-- The task --
Having located the line with "Esen ılık rüzgâr", print it and each remaining line exactly, stopping at the end of the material and omitting pictures.

-- Provided material --
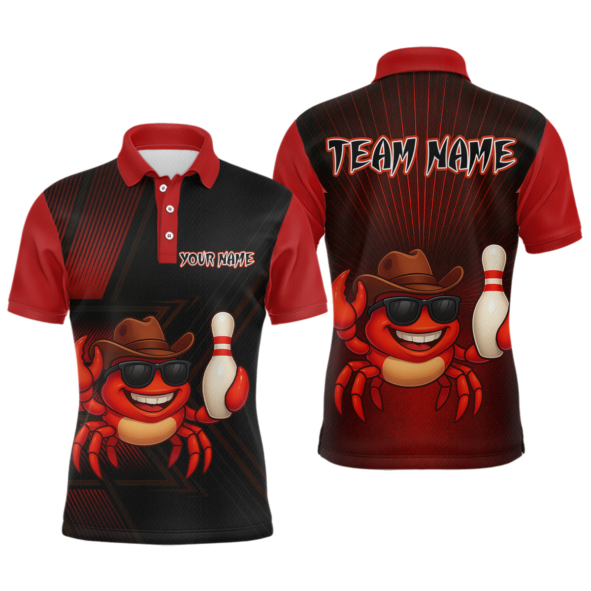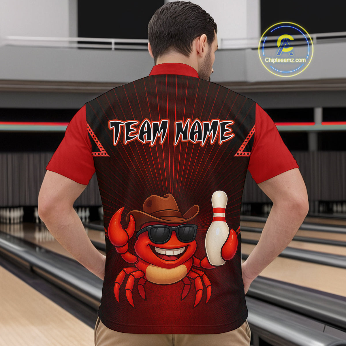 Custom Red Funny Crab Bowling Team Shirt Men Bowling Jersey Outfit Polo & 1/4-Zip Bowler Gift QZT757
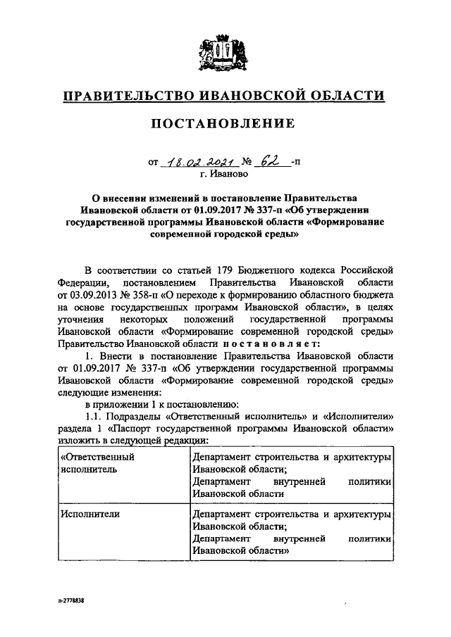 Постановление Правительства Ивановской области от 18.02.2021 N 62-п "О внесении изменений в постановление Правительства Ивановской области от 01.09.2017 N 337-п "Об утверждении государственной программы Ивановской области "Формирование современной городской среды"
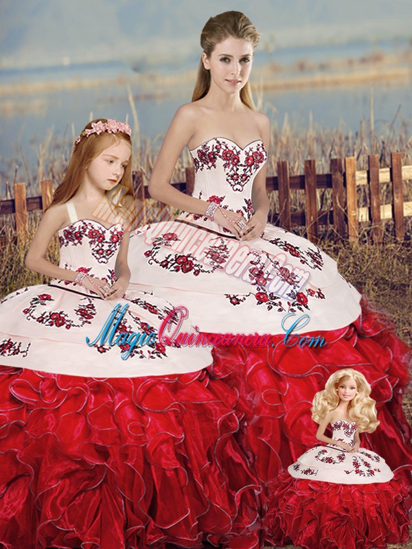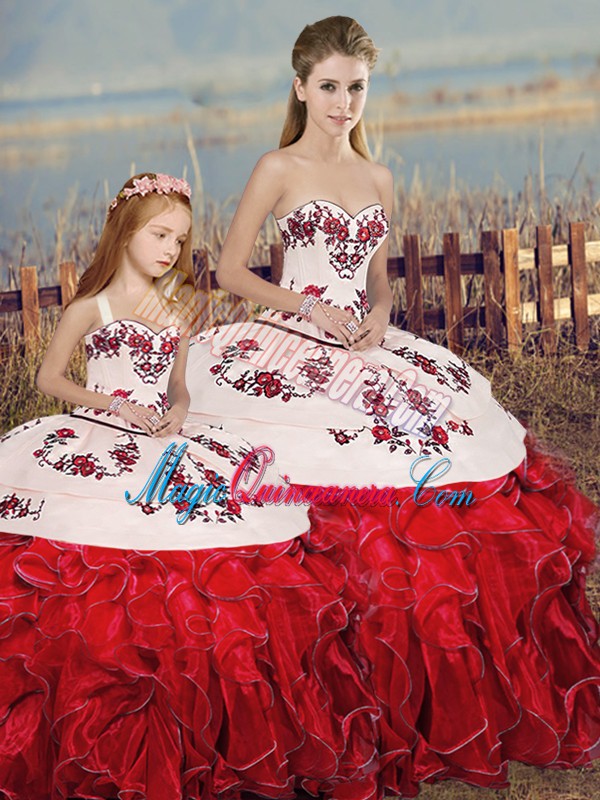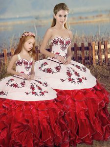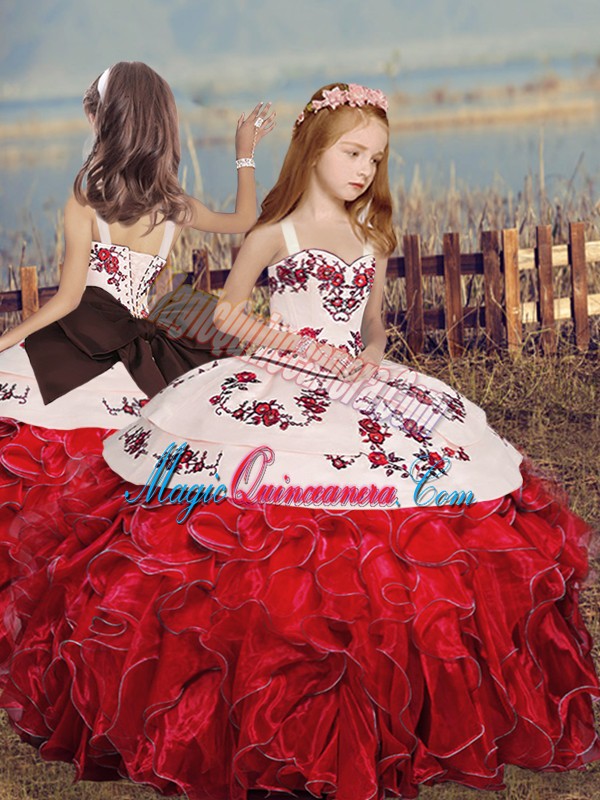 Sleeveless Lace Up Floor Length Embroidery and Ruffles and Bowknot Sweet 16 Quinceanera Dress
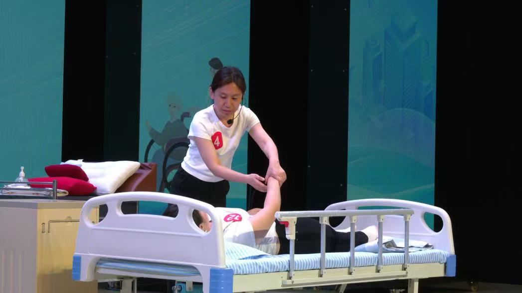 大赛重点考察高质量满足老年人在生理、心理和社会方面的整体需求,帮助老年人进行床上翻身运动训练以及两点步行法、三点步行法等。在规定时间内考核选手的临床思维能力、专业操作技能、人文关怀能力,确保他们能为老年人提供高质量的护理服务。
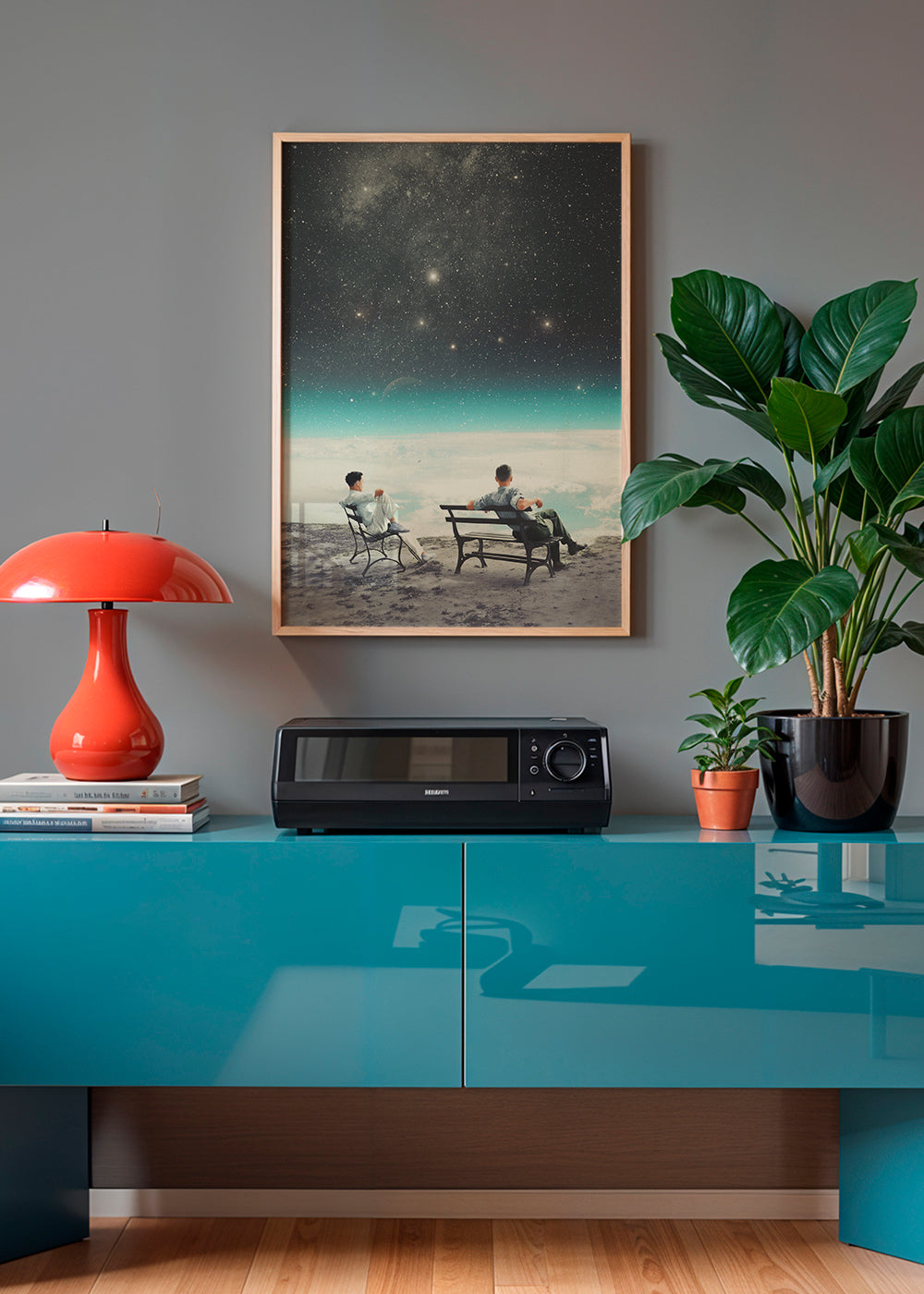 Ein Kunstdruck Im Stil unserer retro-poster und vintage-wandbilder, kreiert von Frank Moth, mit einem Hauch von Blau, und mit Ausrichtung Vertikal. Retro-Bilder und +Retro-Poster+ sind eine tolle Einrichtungsidee für +Wohnungen im Vintage-Stil+. Verleihe deinen Zimmern mit Kunst einen neuen Look.
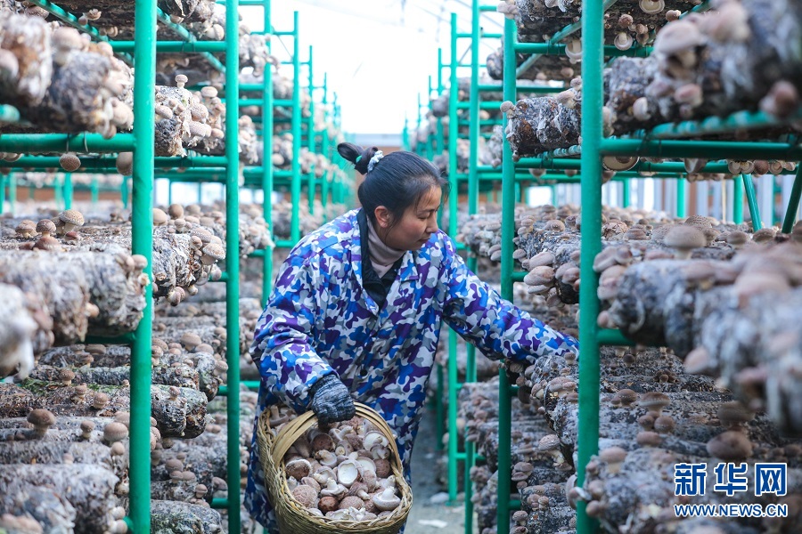 河南省信阳市光山县十里镇徐寺村,村民正在食用菌栽培基地采摘花菇。
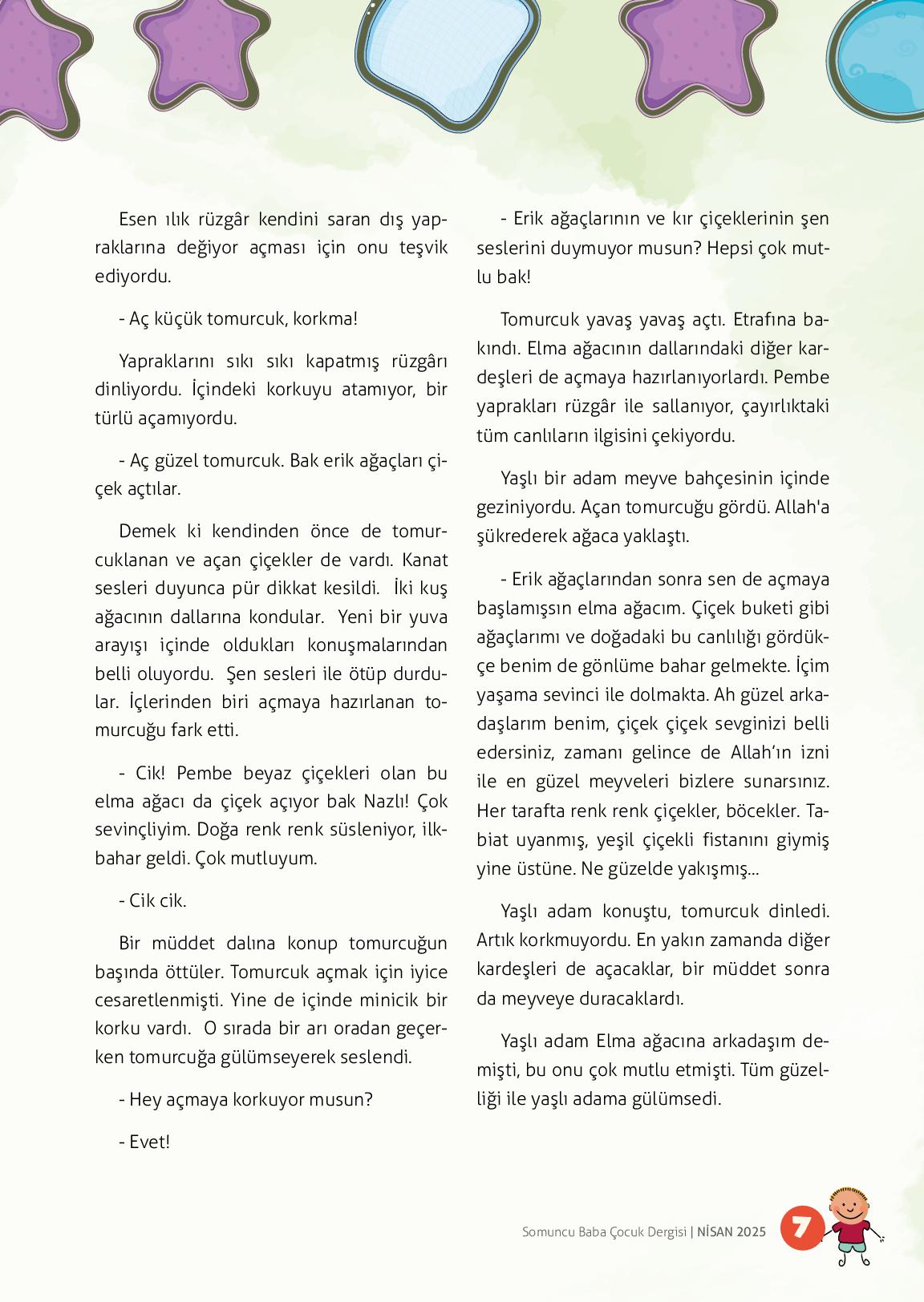 Esen ılık rüzgâr kendini saran dış yapraklarına değiyor açması için onu teşvik ediyordu.- Aç küçük tomurcuk, korkma!Yapraklarını sıkı sıkı kapatmış rüzgârı dinliyordu. İçinde ki korkuyu atamıyor, bir türlü açamıyordu.- Aç güzel tomurcuk. Bak erik ağaçları çiçek açtılar.Demek ki kendinden önc...
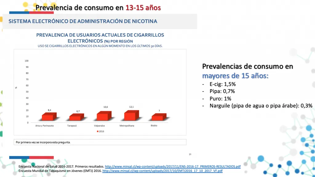 En Chile, la regulación de estos productos debe actualizarse. El año 2010, el Instituto de Salud Pública (ISP) les entregó resolución de «producto farmacéutico» (14), confiando en las investigaciones sesgadas de la industria, que los promocionaban como útiles para dejar de fumar.
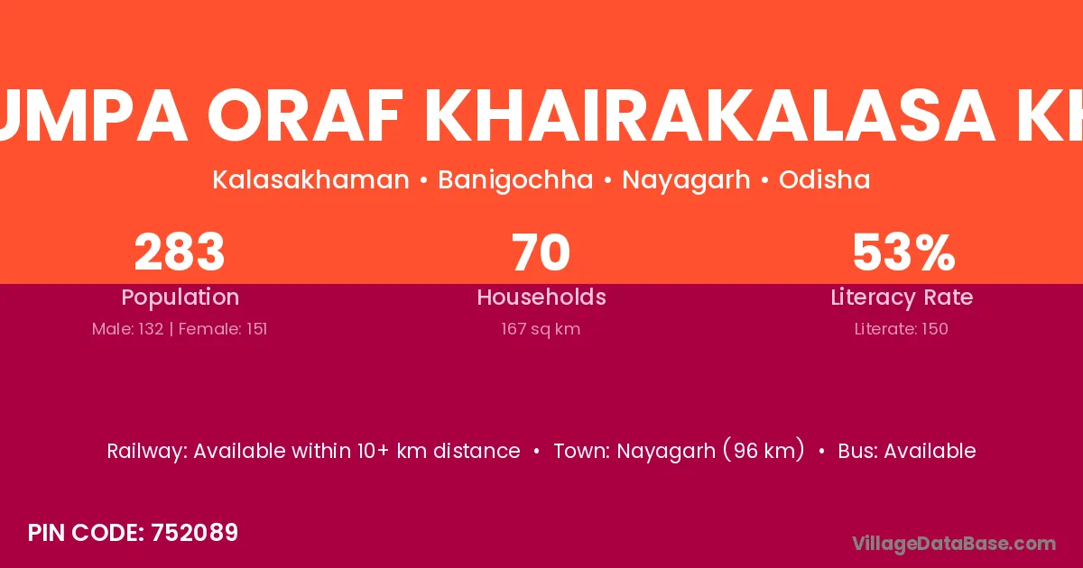 Ganikumpa Oraf Khairakalasa Khaman village has a total population of 283 people, of which 132 are males and 151 are females.
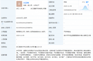 天眼查显示,11月9日,浙江理想汽车有限公司成立,注册资本为10亿元人民币,法定代表人为沈亚楠,由北京车和家信息技术有限公司全资持股。经营范围包括汽车零部件研发、汽车零部件及配件制造、汽车零配件批发、汽车零配件零售、电机制造、新能源汽车整车销售等。

-- Solved exercise --
 Esen ılık rüzgâr kendini saran dış yapraklarına değiyor açması için onu teşvik ediyordu.- Aç küçük tomurcuk, korkma!Yapraklarını sıkı sıkı kapatmış rüzgârı dinliyordu. İçinde ki korkuyu atamıyor, bir türlü açamıyordu.- Aç güzel tomurcuk. Bak erik ağaçları çiçek açtılar.Demek ki kendinden önc...
 En Chile, la regulación de estos productos debe actualizarse. El año 2010, el Instituto de Salud Pública (ISP) les entregó resolución de «producto farmacéutico» (14), confiando en las investigaciones sesgadas de la industria, que los promocionaban como útiles para dejar de fumar.
 Ganikumpa Oraf Khairakalasa Khaman village has a total population of 283 people, of which 132 are males and 151 are females.
 天眼查显示,11月9日,浙江理想汽车有限公司成立,注册资本为10亿元人民币,法定代表人为沈亚楠,由北京车和家信息技术有限公司全资持股。经营范围包括汽车零部件研发、汽车零部件及配件制造、汽车零配件批发、汽车零配件零售、电机制造、新能源汽车整车销售等。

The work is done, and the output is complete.